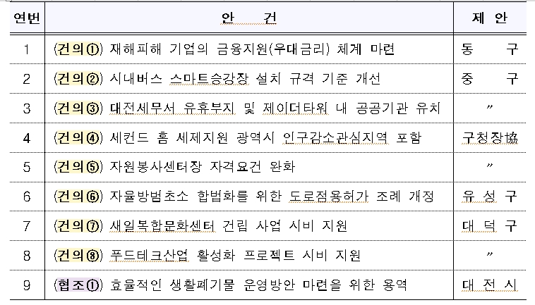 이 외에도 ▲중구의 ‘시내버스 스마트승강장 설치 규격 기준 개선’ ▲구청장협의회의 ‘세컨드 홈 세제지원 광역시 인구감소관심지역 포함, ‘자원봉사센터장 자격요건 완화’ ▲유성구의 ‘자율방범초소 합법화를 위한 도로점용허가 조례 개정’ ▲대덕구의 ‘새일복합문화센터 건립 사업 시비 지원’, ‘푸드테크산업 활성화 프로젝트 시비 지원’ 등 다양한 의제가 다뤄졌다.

++++++++++

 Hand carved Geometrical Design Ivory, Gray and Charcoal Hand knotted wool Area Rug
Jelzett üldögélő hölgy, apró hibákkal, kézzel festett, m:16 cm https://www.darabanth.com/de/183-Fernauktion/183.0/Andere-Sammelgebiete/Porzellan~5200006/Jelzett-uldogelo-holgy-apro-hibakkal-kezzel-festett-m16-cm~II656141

++++++++++

● **Task directions**
Repeat, exactly as they stand above, the lines from the line with "Hand carved Geometrical" to the line with "Jelzett üldögélő hölgy, apró", both lines included.

● **Solution**
 Hand carved Geometrical Design Ivory, Gray and Charcoal Hand knotted wool Area Rug
Jelzett üldögélő hölgy, apró hibákkal, kézzel festett, m:16 cm https://www.darabanth.com/de/183-Fernauktion/183.0/Andere-Sammelgebiete/Porzellan~5200006/Jelzett-uldogelo-holgy-apro-hibakkal-kezzel-festett-m16-cm~II656141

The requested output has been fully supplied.